Dec 18, 2006
It was 5am. I had just finished checking in my suitcases. Afraid of the long queue, I had arrived earlier than necessary. And now I have two hours til boarding time. Funny how many things I could've done in that short time before I fly home for Christmas. For instance, what I'd give to take a nap beside you instead of this carry on luggage that I have to sit on all the time. Or maybe we could've spent these 2 hours talking and cuddling, saying we'll miss each other and that we promise to call every once in a while.
Instead, I found myself a little corner in the coffee shop across Gate 1. I come here every year since it's the only smoking area in the building. But this time the steel table is colder than I remember, even the expensive coffee is no comfort in this chilly weather. I long to be next to you, arm draped across your chest.
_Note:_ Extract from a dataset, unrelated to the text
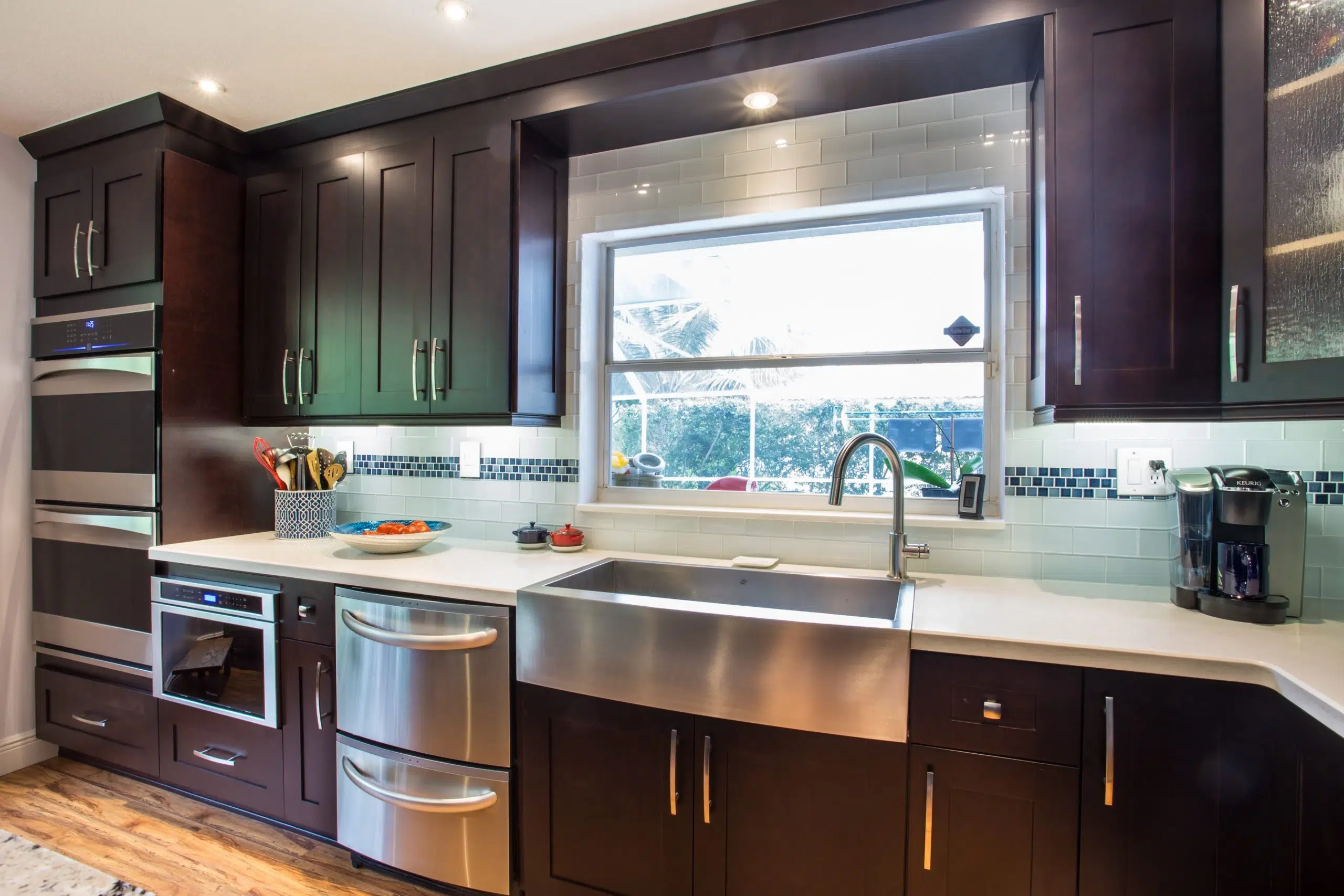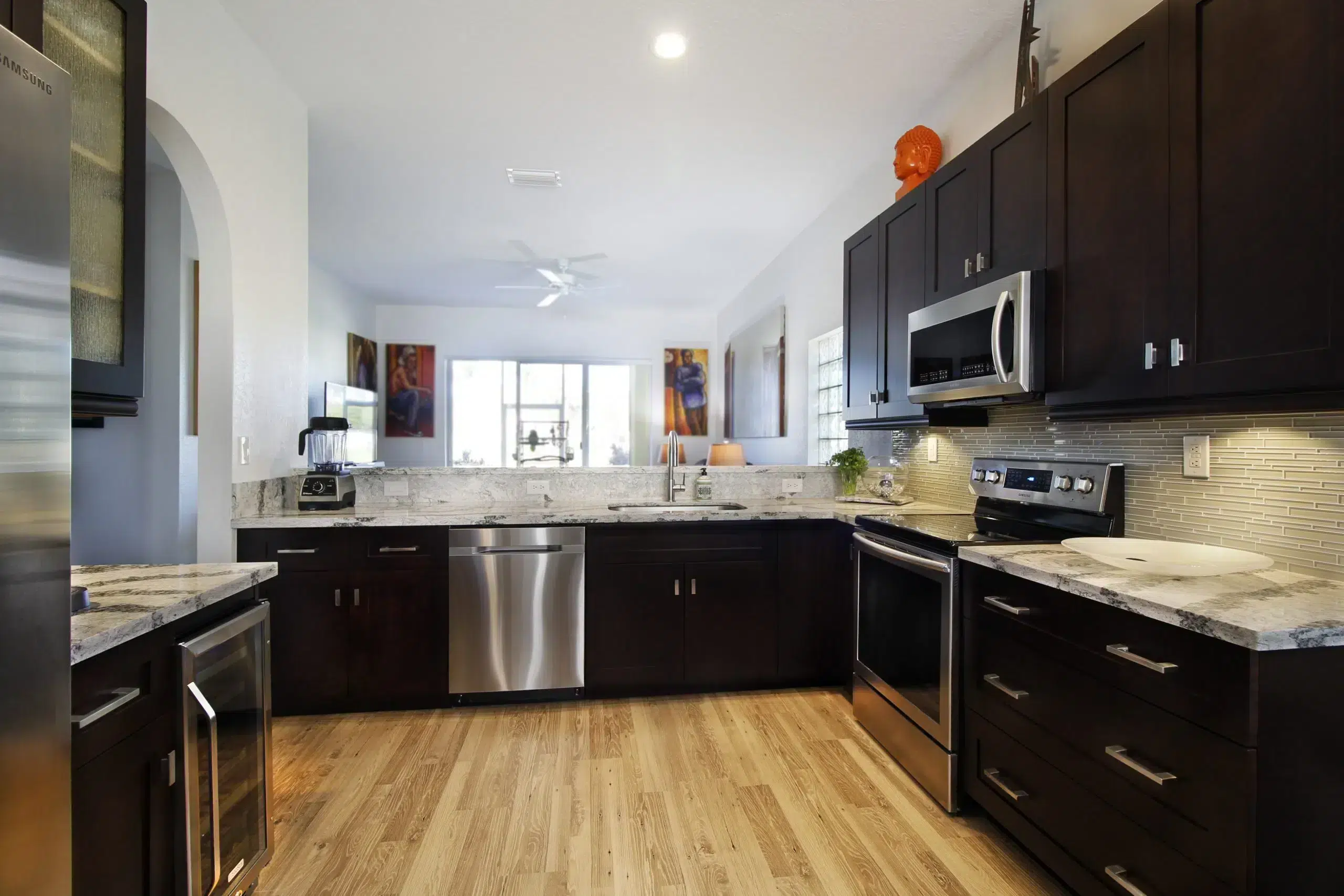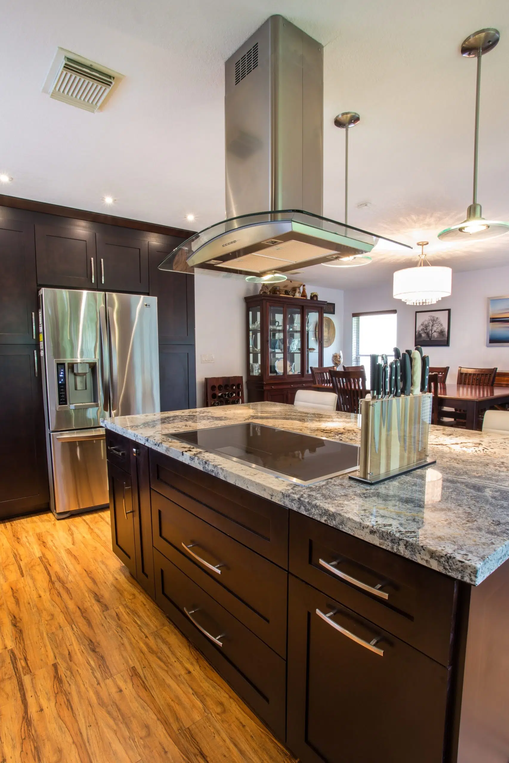 This kitchen exudes modern elegance through its dark wood cabinetry, premium stainless steel appliances, and a striking granite island that serves as both a culinary workspace and a stylish gathering area. The open layout and large windows invite natural light, enhancing the clean lines and luxurious finishes throughout the space.

It is this time in the morning that I wake up shivering, but you were always there to cover me with the blanket. I cupped the coffee in my shaking hands, wishing I could bury them under a pillow while I snuggled in the crook of your shoulder.
I cannot really say how much I love you. I can only tell you how this flight feels like I'm leaving the only home I have ever known. I want to be where you are. You must be still sleeping in that half-empty bed. I want to wake you up on Christmas morning and cover you with tickles and kisses. I want to watch the fireworks on New Years Eve with you, under stars and smoke that take our picture constantly.
It's almost time for me to go. I wish you were here, too, so I can wrap my arms around you and not let go. I silently hum the Leaving on a Jetplane song... I picked up my bags and walked through Gate 7. Before entering the plane, I looked back and sent flying kisses to the wind so that it may touch your cheek and wake you so you can see me off.